Do ponto de vista jurídico, a retribuição é a prestação paga pelo empregador ao trabalhador pela actividade prestada. É uma obrigação que está consignada na relação de trabalho. São estes os vectores mais importantes acerca dos quais as preocupações com a retribuição deve incidir.

O não pagamento da retribuição acarreta consequências para o empregador que podem englobar pena de prisão, conforme o disposto no ponto 3 do artigo 324º do contrato de trabalho. (Rocha, Pimenta 2010: 44; 85; 136; 11).

A retribuição ou salário deve ter três componentes chave: são eles os seguintes: a

obrigatoriedade, pois o empregador deve pagar pelo serviço prestado. De resto, a

obrigatoriedade está bem presente na noção de contrato de trabalho que já foi acima referida.

O segundo componente é a patrimonialidade, isto é, o salário deve acrescentar valor económico à realidade do trabalhador, quanto mais não seja se for usado para adquirir património. O salário contribuirá sempre para enriquecer o património do trabalhador.

O terceiro e último parâmetro será a correspectividade ou seja, a retribuição deve ser feita se houver prestação do serviço. Deve portanto haver uma correspondência entre a retribuição e o serviço prestado. A retribuição pode ainda ser de carácter certo ou seja paga em função de um período temporal (hora, semana ou mês), variável ou o mesmo é falar, em função do rendimento como uma comissão, por exemplo, ou mista que engloba esses dois parâmetros.

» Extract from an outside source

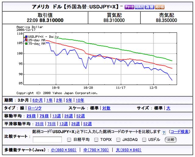 これはさっきヤホーファイナンスでとってきた円相場。

Portanto resumidamente, o direito do trabalho, tanto em Portugal como fora, constitui-se como uma área que visa tentar compensar de alguma maneira a desigualdade de forças que constitui a relação de trabalho entre empregador e trabalhador. Essa desigualdade é na maior parte dos casos, desfavorável ao trabalhador, pois é este que se encontra numa posição de dependência relativamente ao empregador. Porque o trabalho ocupa uma boa parte da vida de cada um de nós, porque ele é um factor de estruturação social, porque é necessário para o homem ou para o trabalhador adquirir os bens necessários a uma boa qualidade de vida, porque isso em muitos casos só é conseguido mediante uma relação de dependência perante outrem, é essencial uma área como o direito do trabalho que, acima de tudo, fiscalize e zele pelo trabalho e seus intervenientes. (Leite, sd: 107-110).